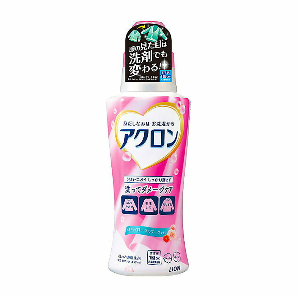 LION Жидкое средство для стирки ACRON деликатных тканей, шерсти, аромат цветов, 450 мл. бутылка с колпачком-дозатором
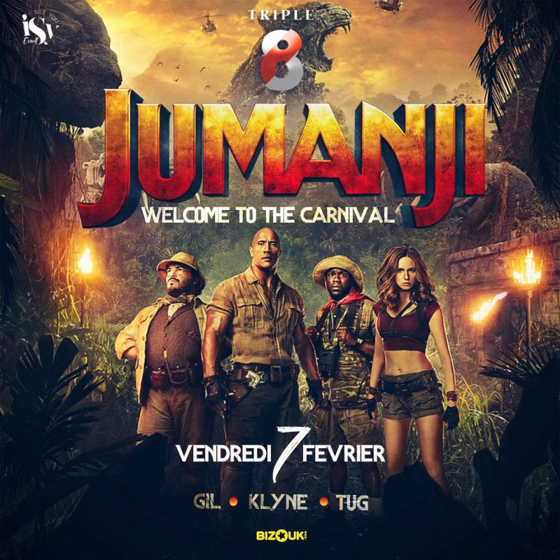 VENDREDI 07 FÉVRIER rdv pour une partie de dés de serez vous prêt à jouer avec nous... de 19h30 à 02h!! JUMANJI Édition: Welcome to The Carnival •••••••••••••••••••••••••• #OuvertureDesPortes 19h30 Restauration disponible jusqu'à 21h30 puis snacking de 21h30 à 00h TRIPLE8 Dress code : aventurier - explorateur - Dora... TENUES ET ESPRITS CORRECTS EXIGÉS; LA DIRECTION SE RÉSERVE LE DROIT D'ENTREE. Il est conseillé d'arriver tôt car une invitation ne garan...
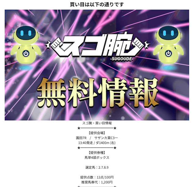 今回は、スゴ腕という競馬予想サイトを検証します。
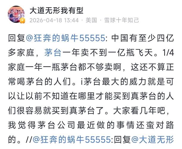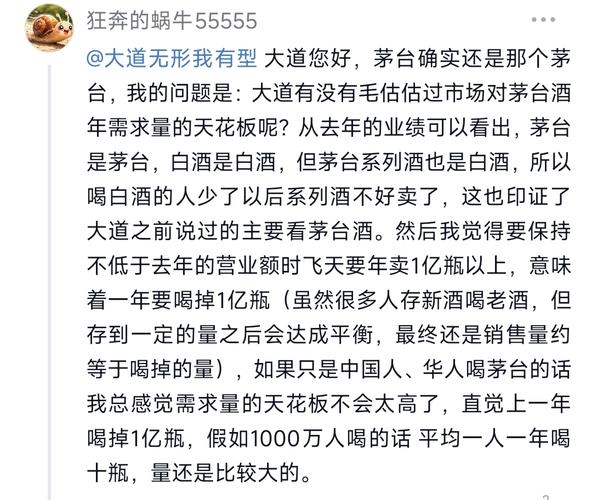 网友:大道您好,茅台确实还是那个茅台,我的问题是:大道有没有毛估估过市场对茅台酒年需求量的天花板呢?从去年的业绩可以看出,茅台是茅台,白酒是白酒,但茅台系列酒也是白酒,所以喝白酒的人少了以后系列酒不好卖了,这也印证了大道之前说过的主要看茅台酒。然后我觉得要保持不低于去年的营业额时飞天要年卖1亿瓶以上,意味着一年要喝掉1亿瓶(虽然很多人存新酒喝老酒,但存到一定的量之后会达成平衡,最终还是销售量约等于...
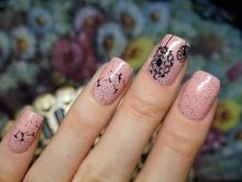 - You can not abundantly add glitter and shimmer to a design with a pattern. The premium of manicure suffers from this, it looks simpler and tasteless.
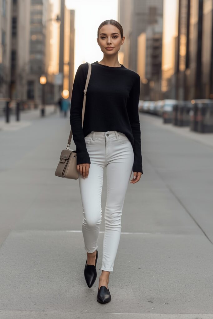 Switch up fall tones with a contrast look. A black sweater and white jeans paired with neutral flats feel fresh and modern.
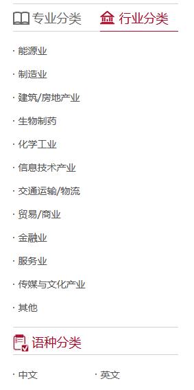 案例庫按照專業分類、行業分類、語種進行分類,可以按照分類進行瀏覽。
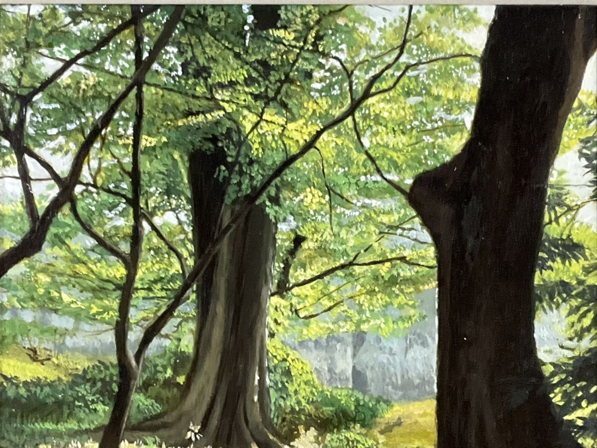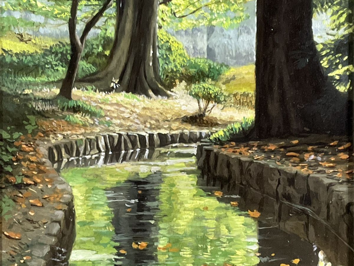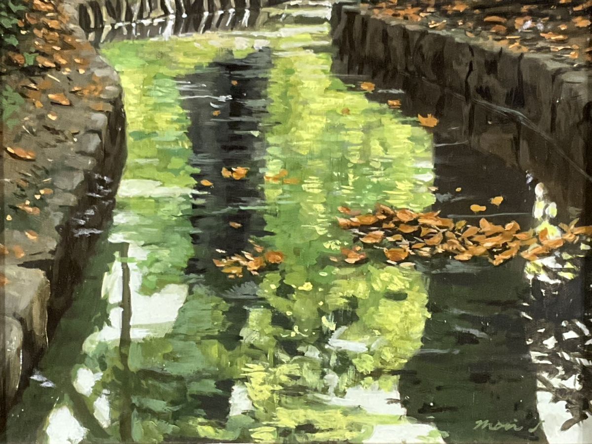 模写■油彩■作者不詳■水辺風景■10M■スーパーリアリズム■額付絵画
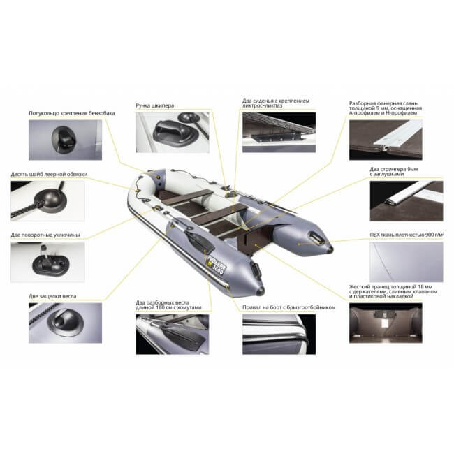 Лодка оснащена килем, что позволяет быть ей более устойчивой на воде и гораздо быстрее выходить на глиссирование.
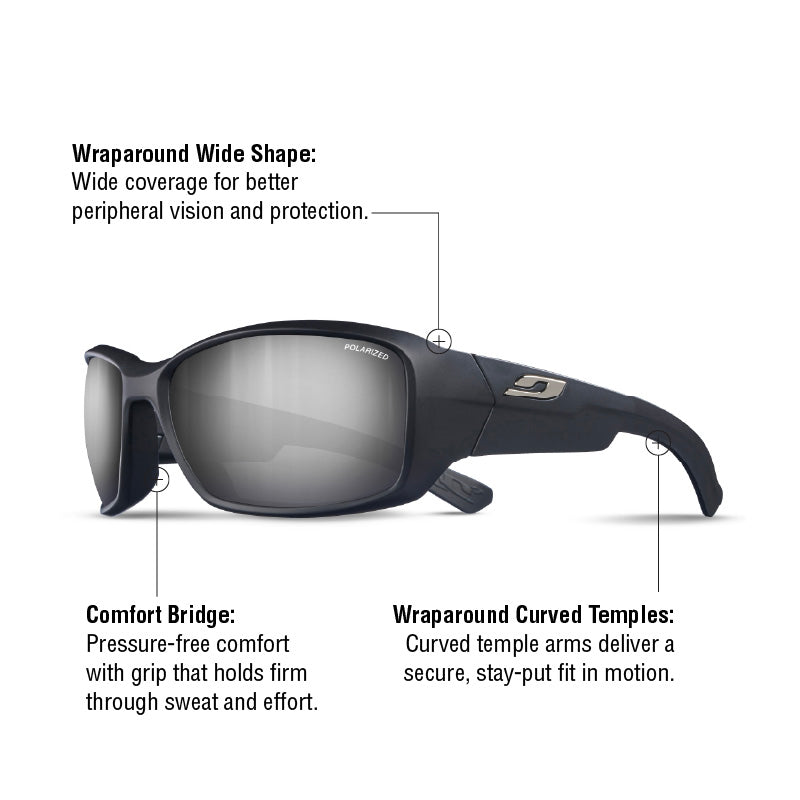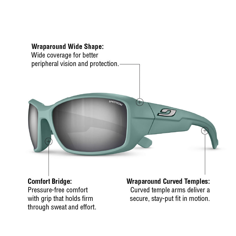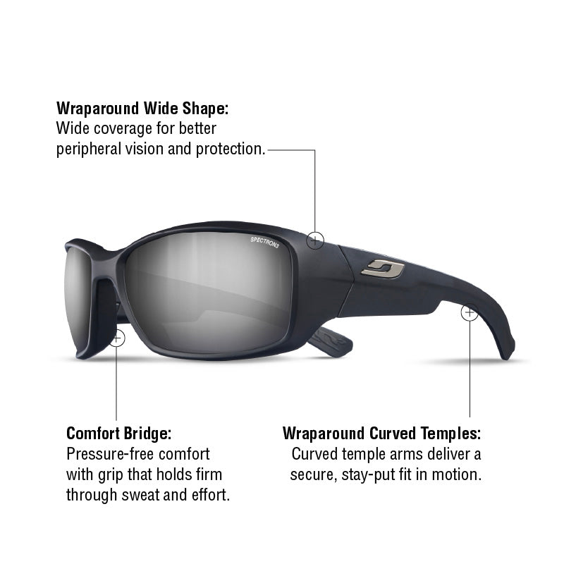 • Wraparound Curved Temples: Wraparound curved temples enhance stability and comfort for a locked-in fit during constant motion.
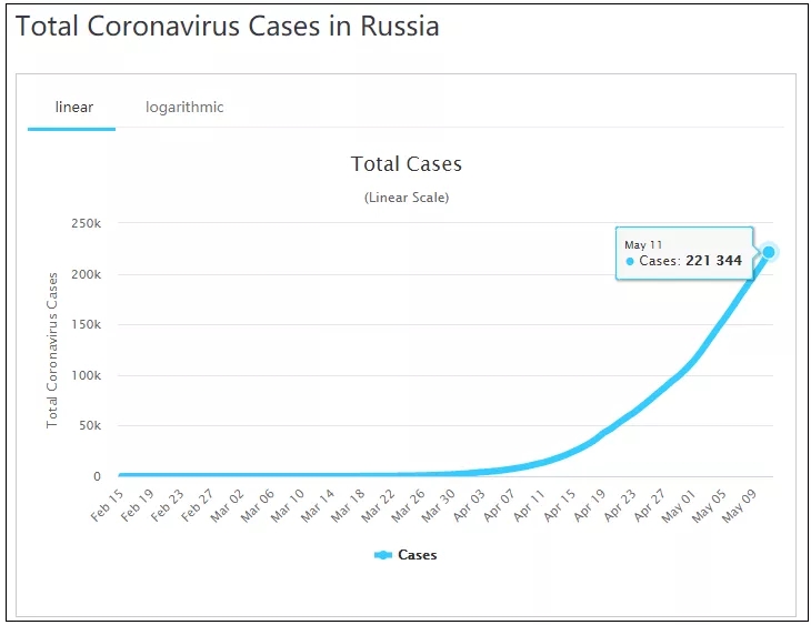 俄羅斯衛(wèi)星通訊社5月11日?qǐng)?bào)道稱,俄羅斯新冠病毒疫情防控指揮部當(dāng)天表示,在過(guò)去24小時(shí)內(nèi),俄羅斯新增11656例新冠肺炎確診病例,累計(jì)確診221344例。

▸ Exercise description: All that is wanted is the lines above between the one containing "VENDREDI 07 FÉVRIER" and the one containing "网友:大道您好,茅台确实还是", inclusive, restated word for word, with pictures omitted.

▸ Written solution:
 VENDREDI 07 FÉVRIER rdv pour une partie de dés de serez vous prêt à jouer avec nous... de 19h30 à 02h!! JUMANJI Édition: Welcome to The Carnival •••••••••••••••••••••••••• #OuvertureDesPortes 19h30 Restauration disponible jusqu'à 21h30 puis snacking de 21h30 à 00h TRIPLE8 Dress code : aventurier - explorateur - Dora... TENUES ET ESPRITS CORRECTS EXIGÉS; LA DIRECTION SE RÉSERVE LE DROIT D'ENTREE. Il est conseillé d'arriver tôt car une invitation ne garan...
 今回は、スゴ腕という競馬予想サイトを検証します。
 网友:大道您好,茅台确实还是那个茅台,我的问题是:大道有没有毛估估过市场对茅台酒年需求量的天花板呢?从去年的业绩可以看出,茅台是茅台,白酒是白酒,但茅台系列酒也是白酒,所以喝白酒的人少了以后系列酒不好卖了,这也印证了大道之前说过的主要看茅台酒。然后我觉得要保持不低于去年的营业额时飞天要年卖1亿瓶以上,意味着一年要喝掉1亿瓶(虽然很多人存新酒喝老酒,但存到一定的量之后会达成平衡,最终还是销售量约等于...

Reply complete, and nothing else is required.